One-vs-All Models for Asynchronous Training: An Empirical Analysis
This work addresses scalable model training for industrial classification systems with frequent updates, but it is incremental as it builds on existing OVA methods.
The paper tackles the problem of asynchronous training in One-vs-All classification systems by empirically analyzing how independent updates affect accuracy, finding that a proposed metric strongly correlates with model performance in Natural Language Understanding and Spoken Language Understanding tasks.

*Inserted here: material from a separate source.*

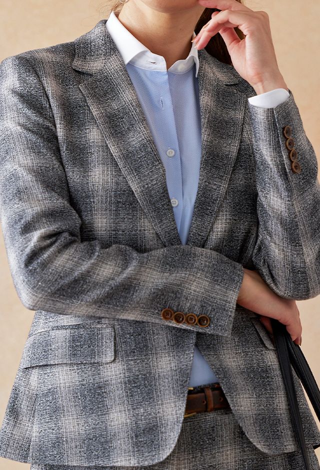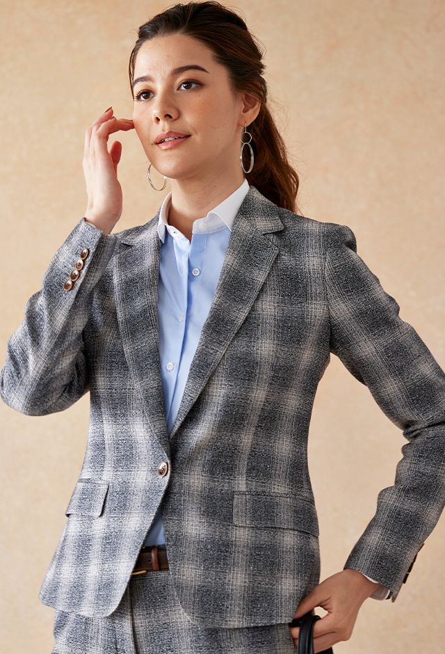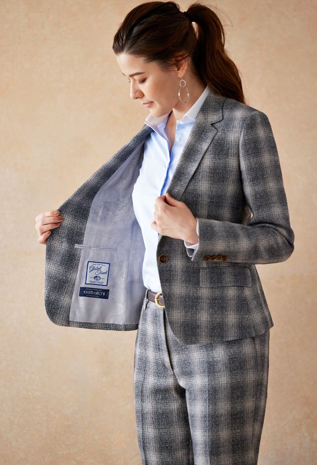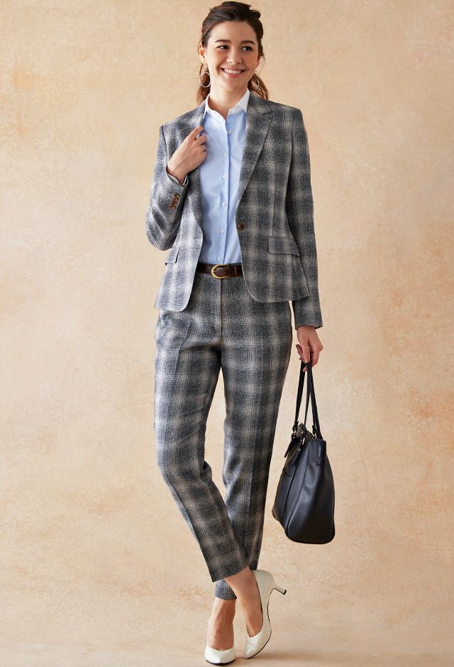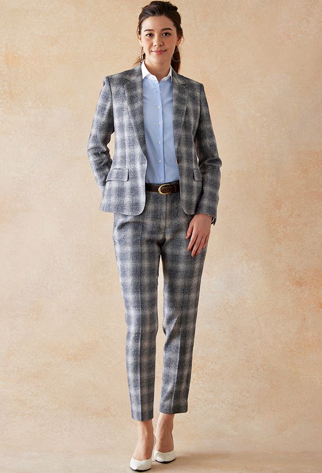 ストレッチ性の高い生地が大好評のイタリアブランド「トラバルド・トーニャ」で仕立てたスーツです。グレーの色味にオフホワイトのグラデーションが重なったチェック柄で、秋冬シーズンの生地になります。ジャケットはテーラーギビングモデル(1つボタン)、ボトムスは人気のテーパードパンツで仕立てました。裏地にはシルバーグレーのペイズリー柄で上品さを演出。ボトムスの裾口はカジュアルな印象ながらビジネスシーンにも使えるダブルタイプ。同じく同系色のホワイトのパンプスを組み合わせて、爽やかで大人びた印象のコーデに仕上げました。※生地在庫は変動いたしますのでご了承くださいませ。

Any given classification problem can be modeled using multi-class or One-vs-All (OVA) architecture. An OVA system consists of as many OVA models as the number of classes, providing the advantage of asynchrony, where each OVA model can be re-trained independent of other models. This is particularly advantageous in settings where scalable model training is a consideration (for instance in an industrial environment where multiple and frequent updates need to be made to the classification system). In this paper, we conduct empirical analysis on realizing independent updates to OVA models and its impact on the accuracy of the overall OVA system. Given that asynchronous updates lead to differences in training datasets for OVA models, we first define a metric to quantify the differences in datasets. Thereafter, using Natural Language Understanding as a task of interest, we estimate the impact of three factors: (i) number of classes, (ii) number of data points and, (iii) divergences in training datasets across OVA models; on the OVA system accuracy. Finally, we observe the accuracy impact of increased asynchrony in a Spoken Language Understanding system. We analyze the results and establish that the proposed metric correlates strongly with the model performances in both the experimental settings.